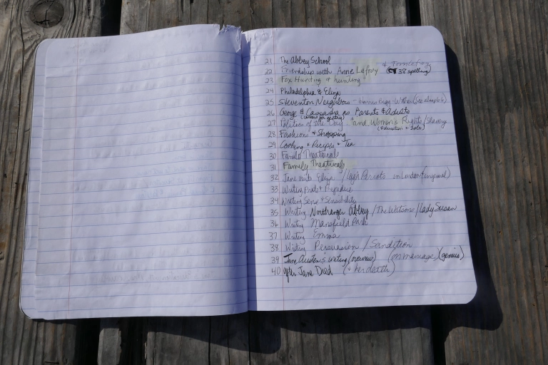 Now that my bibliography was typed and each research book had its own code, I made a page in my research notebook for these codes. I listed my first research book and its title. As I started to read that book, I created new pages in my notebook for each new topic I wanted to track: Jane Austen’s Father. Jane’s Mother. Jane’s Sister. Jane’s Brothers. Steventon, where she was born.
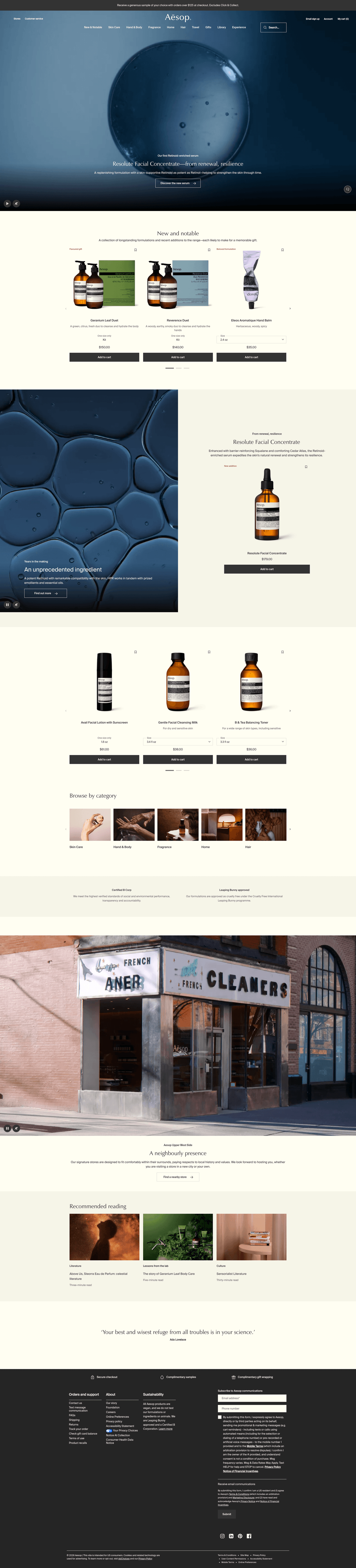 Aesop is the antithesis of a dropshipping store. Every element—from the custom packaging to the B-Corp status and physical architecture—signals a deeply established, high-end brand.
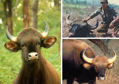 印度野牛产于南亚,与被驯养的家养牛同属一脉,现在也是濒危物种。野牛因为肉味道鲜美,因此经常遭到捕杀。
--
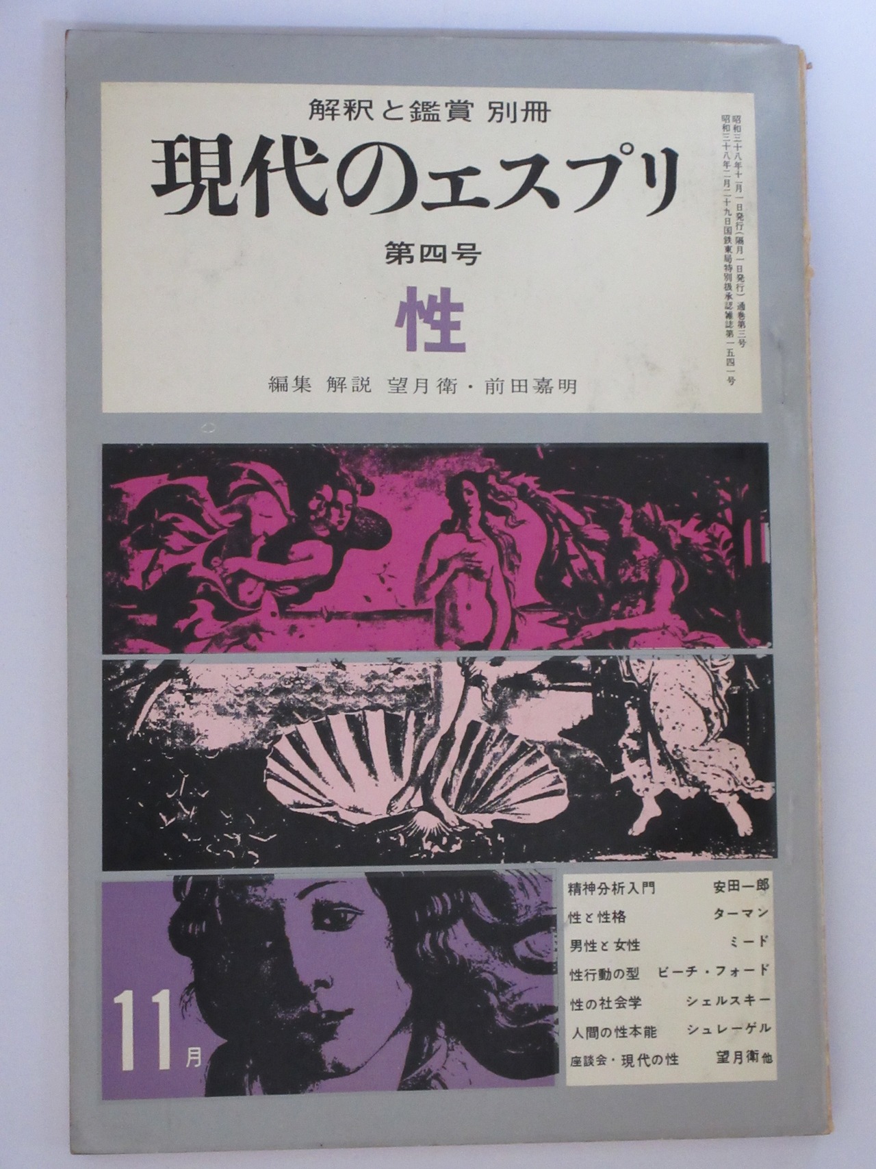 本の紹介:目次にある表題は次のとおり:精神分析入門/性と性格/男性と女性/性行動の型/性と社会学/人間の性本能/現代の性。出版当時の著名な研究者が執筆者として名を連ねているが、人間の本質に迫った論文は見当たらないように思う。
--
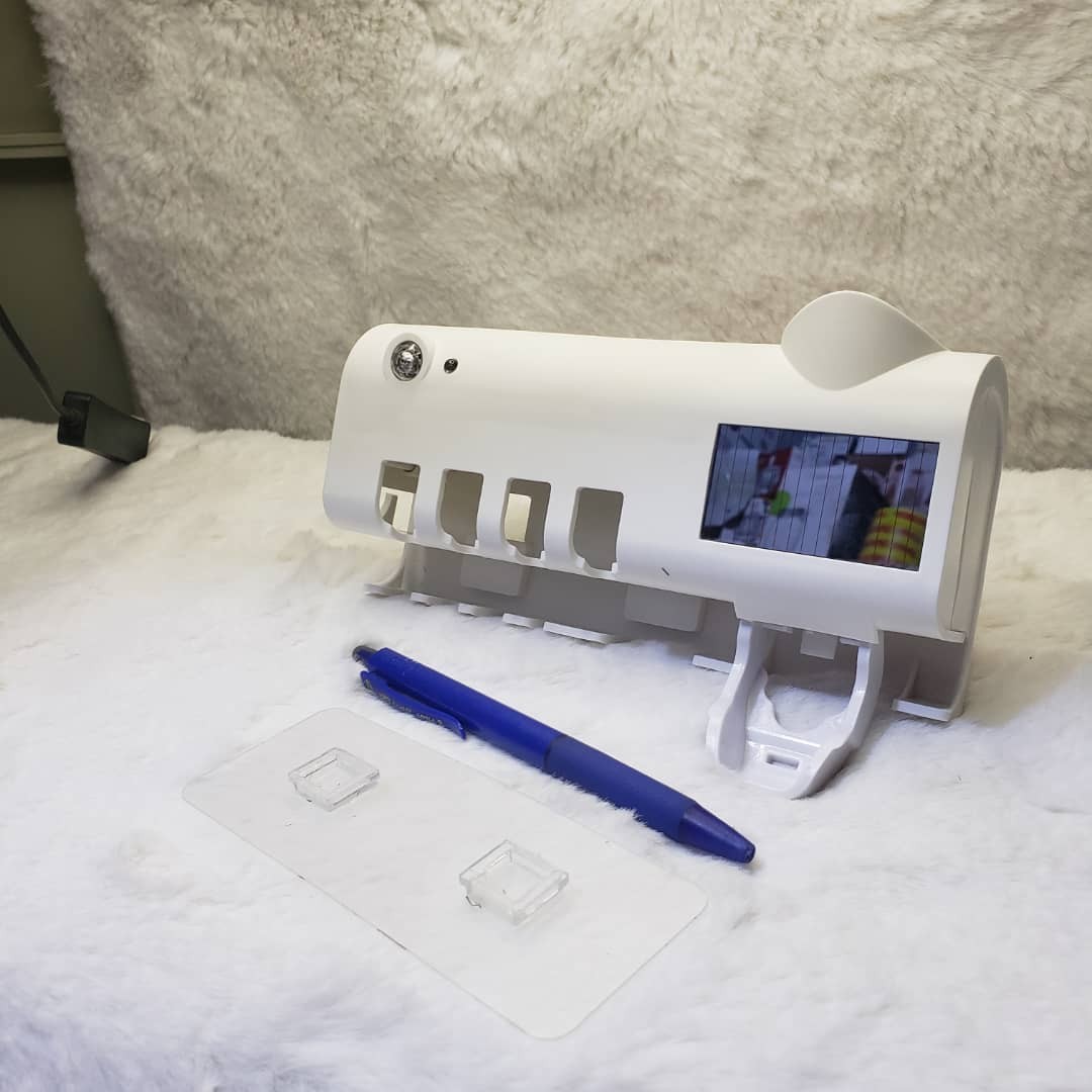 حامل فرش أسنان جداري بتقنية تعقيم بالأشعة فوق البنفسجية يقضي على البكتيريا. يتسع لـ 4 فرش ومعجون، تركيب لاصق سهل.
--
**WHAT TO WORK ON**
Extract from the material above the stretch running from the line containing "Now that my" through the line containing "印度野牛产于南亚,与被驯养的". Keep the text exact and the pictures out.

**EXERCISE RESULT**
 Now that my bibliography was typed and each research book had its own code, I made a page in my research notebook for these codes. I listed my first research book and its title. As I started to read that book, I created new pages in my notebook for each new topic I wanted to track: Jane Austen’s Father. Jane’s Mother. Jane’s Sister. Jane’s Brothers. Steventon, where she was born.
 Aesop is the antithesis of a dropshipping store. Every element—from the custom packaging to the B-Corp status and physical architecture—signals a deeply established, high-end brand.
 印度野牛产于南亚,与被驯养的家养牛同属一脉,现在也是濒危物种。野牛因为肉味道鲜美,因此经常遭到捕杀。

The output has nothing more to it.